March 8, 2013

The Foundation Trilogy (1973)

I'm not a particularly big fan of Isaac Asimov. I know his work primarily through his short fiction, where he seems to be from a generation of authors for whom the science and speculative aspects of science fiction and speculative fiction were much more interesting to them than characterisation or depth. Either that or tremendously awful jokes.

As a result I've never actually read his famous Foundation novels. To be honest I didn't even really know what they were about beyond the basic premise. What I have now enjoyed, however, is a 1973 BBC radio drama serial based on the Foundation books - and very enjoyable they were too.

This eight-part series adapts Asimov's three novels Foundation, Foundation and Empire and Second Foundation. It was produced by the BBC Radiophonic Workshop, which guarantees the production is backed by a hilarious soundtrack of odds murbles and bleeps, in turns evocative, inexplicable and hilariously ridiculous.

The cast is a delight for fans of Doctor Who, as it features a string of performers who made guest appearances in that series: Geoffrey Beevers (The Keeper of Traken), Julian Glover (City of Death), Dinsdale Landen (The Curse of Fenric), Michael Kilgariff (Revenge of the Cybermen), David Gooderson (Destiny of the Daleks), Gabriel Woolf (Pyramids of Mars) and Peter Pratt (The Deadly Assassin) all contribute voices over the course of the series. The entire series is voiced in that typical 1970s BBCs fashion: all received pronounciation and a focus on clarity over emotion or depth of character. If you're not used to it from Doctor Who and Blake's 7 it may come off as slightly irritating. If you are, then it just feels like the audio recordings of a whole new series you somehow never managed to see back when you were a kid.

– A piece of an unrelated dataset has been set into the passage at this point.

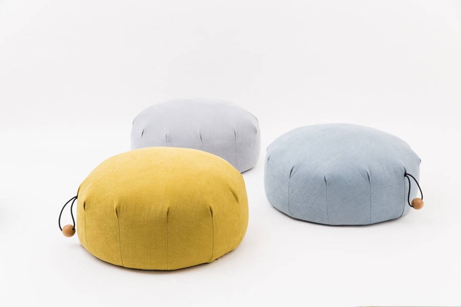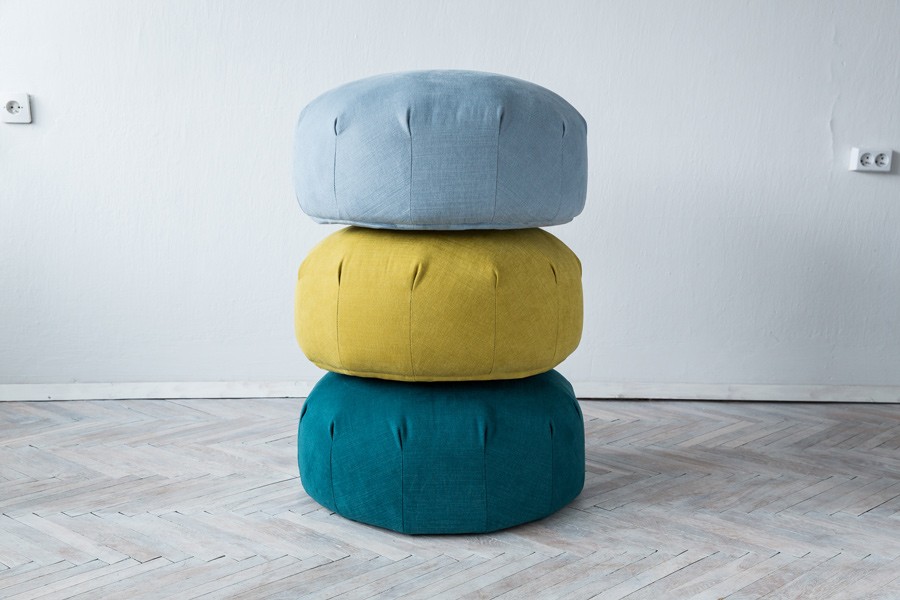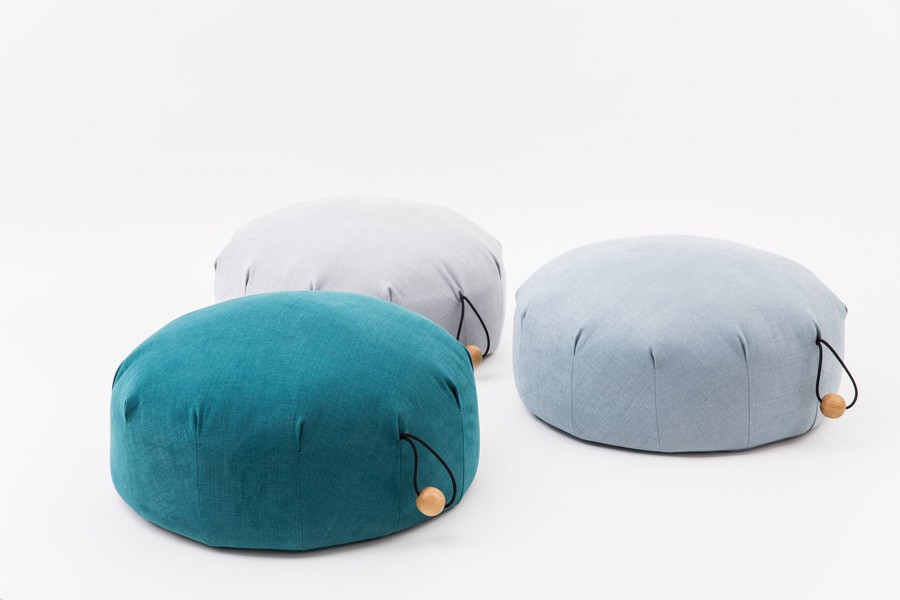 A pouf which invites you to sit and relax. Inspired by organic structures and underwater colours.

This serial really works: each episode jumps further and further into the future of 'the Foundation', a secretive colony set up during the collapse of a galactic empire to ensure that the time from the collapse of one order to the establishment of another is as brief as possible. As a result the cast changes from instalment to instalment. Generally speaking the first four half of the series is more engaging than the second; I'm not sure if that's down to the quality of the adaptation or a quirk of the original novels.

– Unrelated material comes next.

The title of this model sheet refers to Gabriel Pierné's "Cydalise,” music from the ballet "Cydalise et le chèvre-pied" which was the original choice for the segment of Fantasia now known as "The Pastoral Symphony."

The series can be purchased episode-by-episode as mp3 recordings from Amazon UK, but I am almost certain that it is a pirated, unauthorised release. Better to take advantage of www.archive.org and download them for free - I don't think the money's not going to the writers, directors or performers either way. This is a series that really deserves to be remastered and released properly by the BBC. Their radio science fiction never gets the attention it deserves.